Instructions to follow: Transcribe the entries exactly as they stand below, passing over any picture.

Material shown:
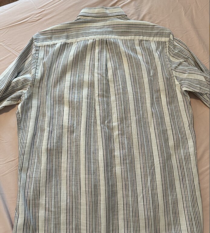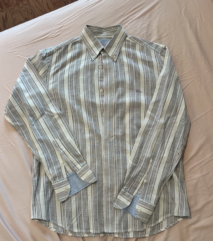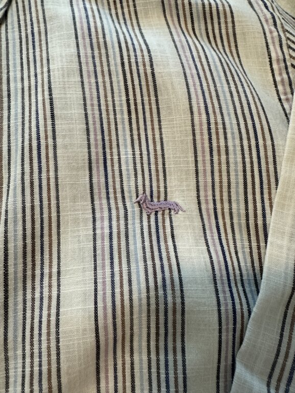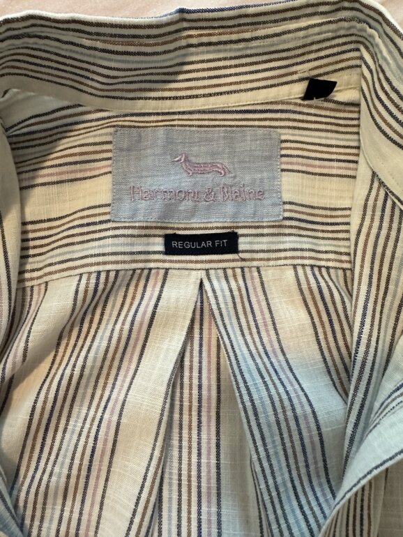 Talla: L. Marca: Harmont & Blaine. Línea/modelo: Regular Fit. Camisa de manga larga con diseño de rayas verticales multicolor (base clara con líneas en azul, café y detalles en lila/rosa). Cuello Button-Down (con botones en las puntas) y cierre frontal con botones. Logo bordado del perrito en el pecho (detalle clásico de la marca). Está casi nueva, de poco uso, muy cuidada y limpia de tintorería.
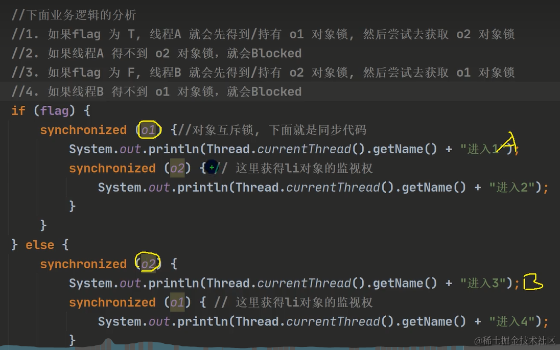 线程之间都占用了对象的锁资源,需要互相返回值才肯相让,才导致了死锁。
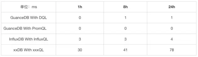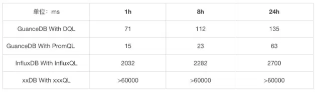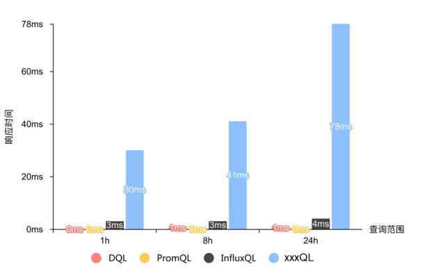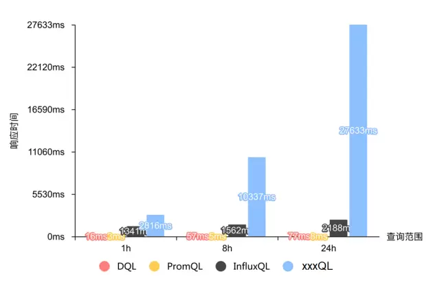 这里我们一共对比了四种查询语法在相同语义的 1h、8h、24h 不同时间范围下的响应时间:
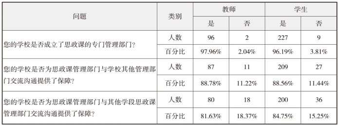 本部分设计了5个问题,目的在于全面把握我省中小学思政课在各学段的职责分工、责任认定、协调机制以及相互衔接情况。调查结果显示:关于是否成立了专门的思政课管理部门的问题,有2.04%的教师和3.81%的学生认为学校还未成立思政课专门管理部门。关于是否为思政课建设管理部门与学校其他管理部门经验交流提供保障的问题,有11.22%的教师和11.44%的学生认为学校没有为思政课建设管理部门与学校其他管理部门经验交流提供保障。关于是否为思政课建设管理部门与其他学段思政课建设管理部门经验交流提供保障的问题,有18.37%的教师和15.25%的学生认为学校没有为思政课建设管理部门与其他学段思政课建设管理部门经验交流提供保障。数据表明,学校对思政课建设的重视程度有待提高。
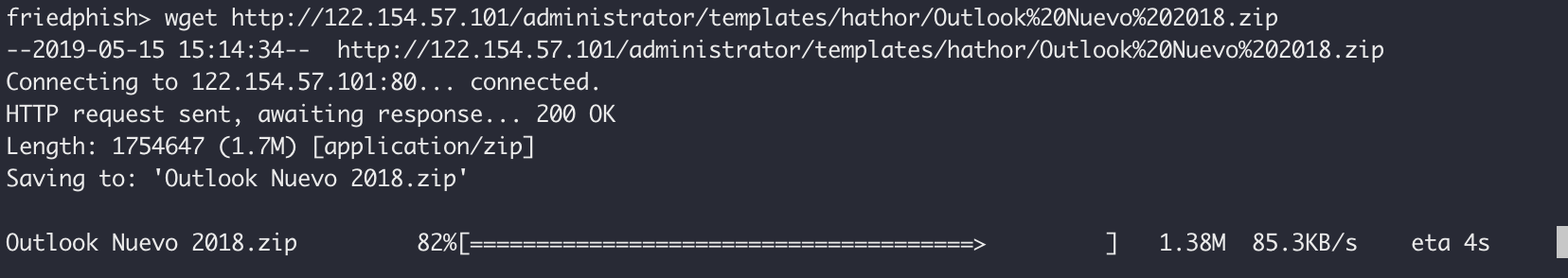 Now that we had a basename for the ZIP file, we simply used "wget" to try download it. Our suspicions were confirmed! This also told us that the threat actor who created this package of nasty is an Apple OSX user.
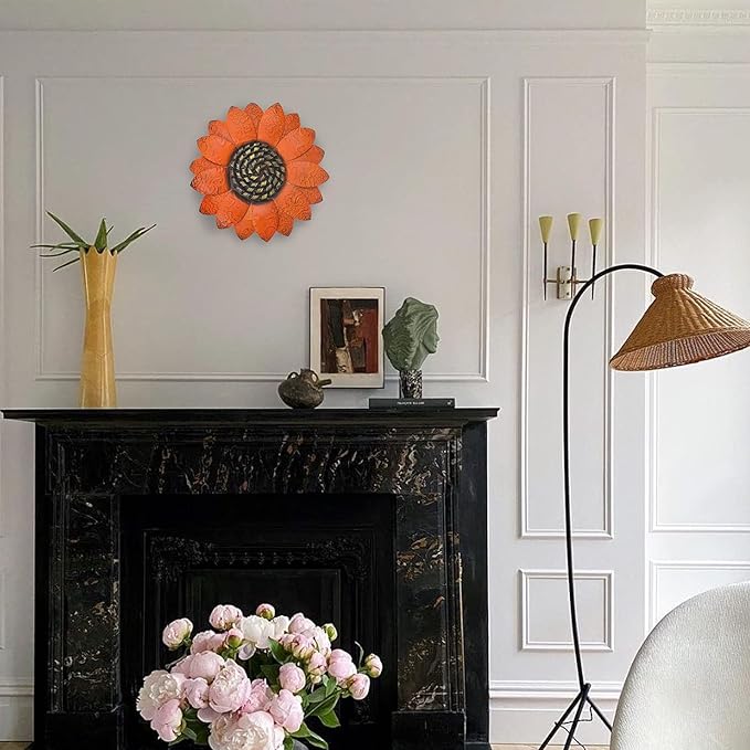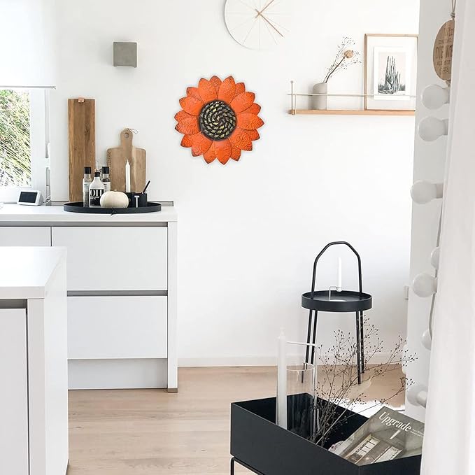EASICUTI Orange Sunflower Metal Flowers Wall Decor Metal Wall Art Decorations Hanging For Indoor Outdoor Home Bathroom Kitchen Room Bedroom Living Room Garden Patio Porch 13 Inch

Task result:
 Talla: L. Marca: Harmont & Blaine. Línea/modelo: Regular Fit. Camisa de manga larga con diseño de rayas verticales multicolor (base clara con líneas en azul, café y detalles en lila/rosa). Cuello Button-Down (con botones en las puntas) y cierre frontal con botones. Logo bordado del perrito en el pecho (detalle clásico de la marca). Está casi nueva, de poco uso, muy cuidada y limpia de tintorería.
 线程之间都占用了对象的锁资源,需要互相返回值才肯相让,才导致了死锁。
 这里我们一共对比了四种查询语法在相同语义的 1h、8h、24h 不同时间范围下的响应时间:
 本部分设计了5个问题,目的在于全面把握我省中小学思政课在各学段的职责分工、责任认定、协调机制以及相互衔接情况。调查结果显示:关于是否成立了专门的思政课管理部门的问题,有2.04%的教师和3.81%的学生认为学校还未成立思政课专门管理部门。关于是否为思政课建设管理部门与学校其他管理部门经验交流提供保障的问题,有11.22%的教师和11.44%的学生认为学校没有为思政课建设管理部门与学校其他管理部门经验交流提供保障。关于是否为思政课建设管理部门与其他学段思政课建设管理部门经验交流提供保障的问题,有18.37%的教师和15.25%的学生认为学校没有为思政课建设管理部门与其他学段思政课建设管理部门经验交流提供保障。数据表明,学校对思政课建设的重视程度有待提高。
 Now that we had a basename for the ZIP file, we simply used "wget" to try download it. Our suspicions were confirmed! This also told us that the threat actor who created this package of nasty is an Apple OSX user.
EASICUTI Orange Sunflower Metal Flowers Wall Decor Metal Wall Art Decorations Hanging For Indoor Outdoor Home Bathroom Kitchen Room Bedroom Living Room Garden Patio Porch 13 Inch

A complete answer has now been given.